1.24 Avoidable and preventable deaths

Key facts

Why is it important?

Avoidable and preventable mortality refers to deaths from conditions that are considered avoidable given timely and effective health care (including disease prevention and population health initiatives) (AIHW 2010; Page et al. 2007). Avoidable deaths have been used in various studies to measure the quality, effectiveness and accessibility of the health system. Deaths from most conditions are influenced by a range of factors in addition to health system performance, including environmental and social factors and health behaviours.

Findings

What does the data tell us?

Avoidable deaths

In the period 2014–2018, there were 7,072 deaths of Aboriginal and Torres Strait Islander people aged 0–74 from avoidable causes in the five jurisdictions with Indigenous identification data of adequate quality (New South Wales, Queensland, Western Australia, South Australia and the Northern Territory combined). This represented 61% of all deaths of Indigenous Australians aged 0–74. For non-Indigenous Australians, deaths from avoidable causes represented 50% of all deaths in this age group.

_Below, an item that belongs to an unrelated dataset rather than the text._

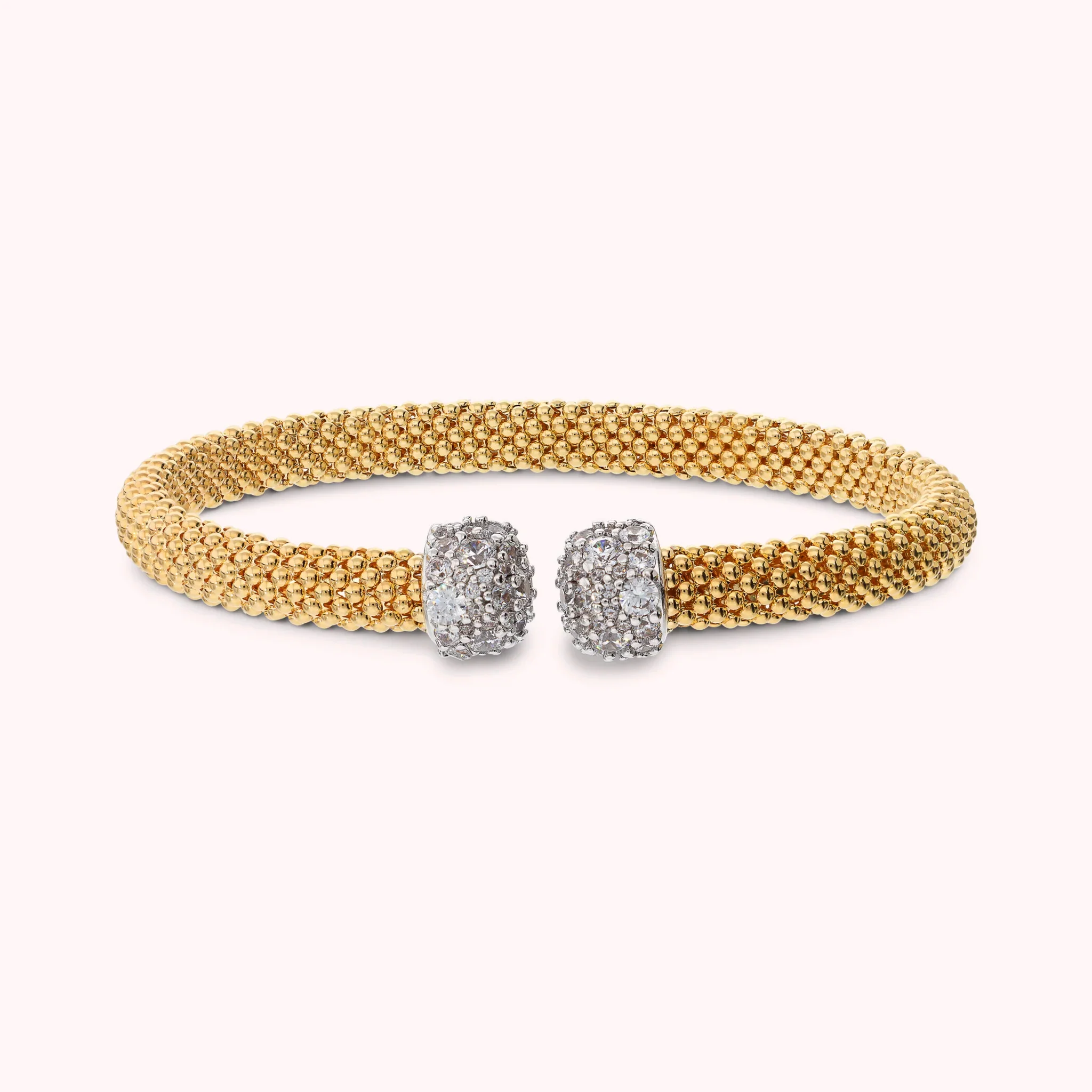 BRONZALLURE Bracciale Rigido Golden Maglia Popcorn con Pavé di Cubic Zirconia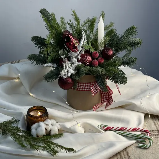 Глубокая винная палитра переплетается с мягкими текстурами, создавая атмосферу уютного зимнего вечера. Игрушка добавляет ностальгические нотки, напоминая о детских праздниках и тепле домашнего очага. Композиция выглядит одновременно элегантно и по-домашнему уютно – как будто часть зимней сказки.

After adjusting for differences in the age structure between the two populations, Indigenous Australians died from avoidable causes at 3 times the rate of non-Indigenous Australians (312 compared with 103 per 100,000) (Table D1.24.1).

Between 1998 and 2018, there was a significant decline (by 40%) in avoidable mortality rates for Indigenous Australians. The greatest improvement occurred between 1998 and 2006 (a 29% decline), while from 2006 to 2018, the decline was slower (by 17%). Both declines were significant.

There was a significant narrowing of the gap between Indigenous and non-Indigenous Australians in avoidable mortality rates between 1998 and 2018 (by 37%). Most of this improvement occurred between 1998 and 2006 (the gap narrowed significantly by 30%), while from 2006 to 2018, the gap narrowed significantly (by 14%) (Table D1.24.2, Figure 1.24.1).

Over the period 1998 to 2018, the proportion of avoidable deaths in all deaths among Indigenous Australians aged 0–74 decreased from 66% to 58% (Table D1.24.7).

Figure 1.24.1: Age-standardised avoidable mortality rates, persons aged 0–74, by Indigenous status, NSW, Qld, WA, SA and NT combined, 1998–2018

This line graph shows that the avoidable mortality rate for Indigenous persons aged 0 to 74 was decreasing from 506 per 100,000 in 1998 to 303 per 100, 000 in 2017. The gap between Indigenous and non-Indigenous was decreasing from 328 to 205 per 100,000.

Source: Table D1.24.2. AIHW and ABS analysis of the ABS Causes of Death Collection.

The avoidable mortality rate for Indigenous Australians was higher than for non-Indigenous Australians across all age groups. The rate was highest for Indigenous Australians aged 65–74 (1,371 per 100,000) and this age group had the largest difference in rates between Indigenous and non-Indigenous Australians (a difference of 828 per 100,000). The avoidable mortality rate for Indigenous Australians aged 35–44 was 3.6 times the rate for non-Indigenous Australians (241 and 66 per 100,000, respectively) (Table D1.24.3). Indigenous males were more likely to die from avoidable causes than Indigenous females (238 and 168 per 100,000, respectively) (Table D1.24.3, Figure 1.24.2).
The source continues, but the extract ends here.